Background: The spread of mosquito-transmitted diseases such as dengue is a major public health issue worldwide. The Aedes aegypti mosquito, a primary vector for dengue, thrives in urban environments and breeds mainly in artificial or natural water containers. While the relationship between urban landscapes and potential breeding sites remains poorly understood, such a knowledge could help mitigate the risks associated with these diseases. This study aimed to analyze the relationships between urban landscape characteristics and potential breeding site abundance and type in cities of French Guiana (South America), and to evaluate the potential of such variables to be used in predictive models. Methods: We use Multifactorial Analysis to explore the relationship between urban landscape characteristics derived from very high resolution satellite imagery, and potential breeding sites recorded from in-situ surveys. We then applied Random Forest models with different sets of urban variables to predict the number of potential breeding sites where entomological data are not available. Results: Landscape analyses applied to satellite images showed that urban types can be clearly identified using texture indices.
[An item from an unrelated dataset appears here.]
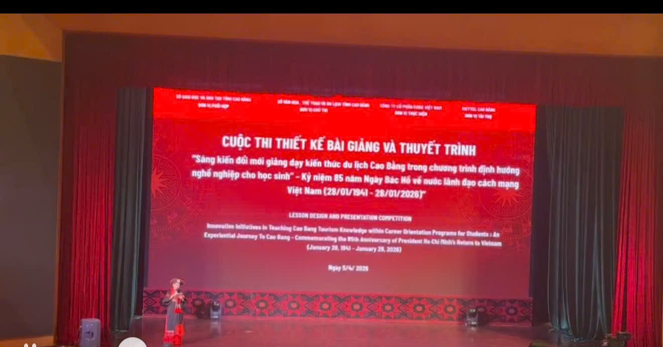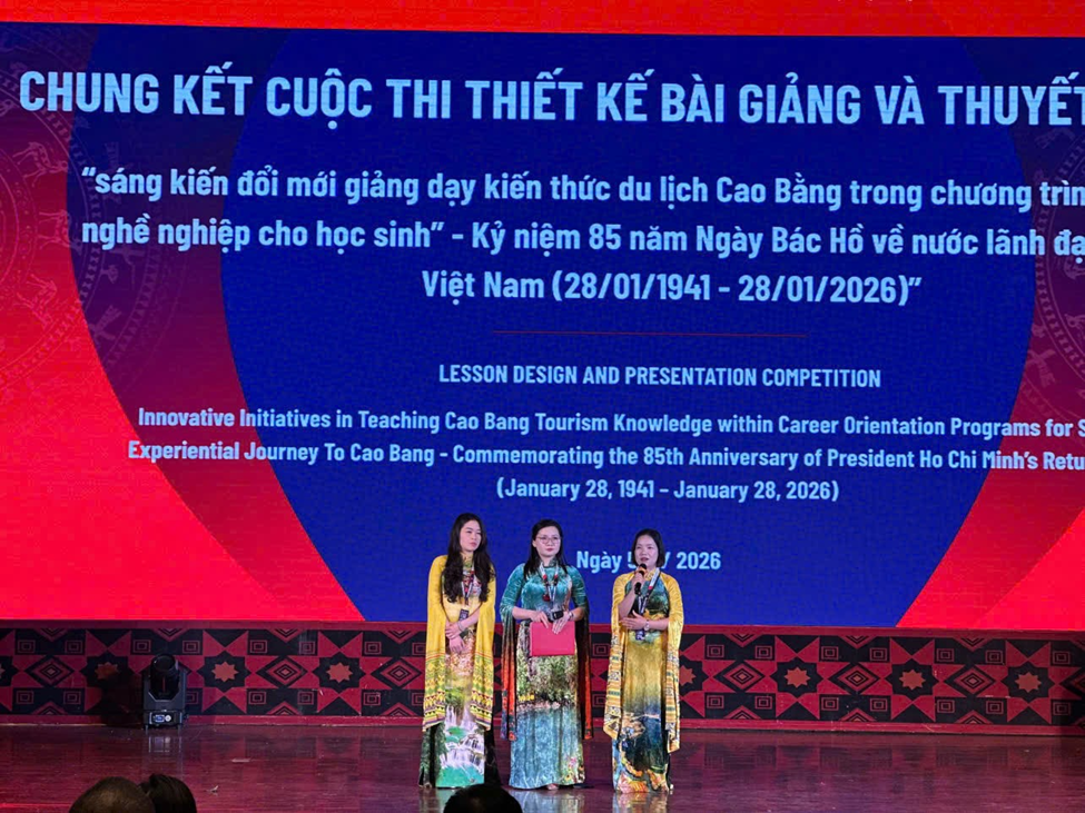 Hướng tới kỷ niệm 85 năm ngày Hồ Chí Minh trở về nước lãnh đạo cách mạng (28/01/1941 - 28/01/2026), Sở Giáo dục và Đào tạo tỉnh Cao Bằng phối hợp với Sở Văn hóa, Thể thao và Du lịch Cao Bằng tổ chức Chung kết Cuộc thi Thiết kế bài giảng và thuyết trình với chủ đề “Sáng kiến đổi mới giảng dạy kiến thức du lịch Cao Bằng trong chương trình hướng nghiệp cho học sinh”. Cuộc thi là hoạt động thiết thực nhằm góp phần đổi mới phương pháp dạy học, đồng thời quảng bá tiềm năng du lịch của Cao Bằng thông qua các hoạt động giáo dục sáng tạo trong nhà trường.

The Multiple Factor Analysis helped identify variables related to the distribution of potential breeding sites, such as buildings class area, landscape shape index, building number, and the first component of texture indices. Models predicting the number of potential breeding sites using the entire dataset provided an R² of 0.90, possibly influenced by overfitting, but allowing the prediction over all the study sites. Predictions of potential breeding sites varied highly depending on their type, with better results on breeding sites types commonly found in urban landscapes, such as containers of less than 200 L, large volumes and barrels. The study also outlined the limitation offered by the entomological data, whose sampling was not specifically designed for this study. Model outputs could be used as input to a mosquito dynamics model when no accurate field data are available. Conclusion: This study offers a first use of routinely collected data on potential breeding sites in a research study. It highlights the potential benefits of including satellite-based characterizations of the urban environment to improve vector control strategies.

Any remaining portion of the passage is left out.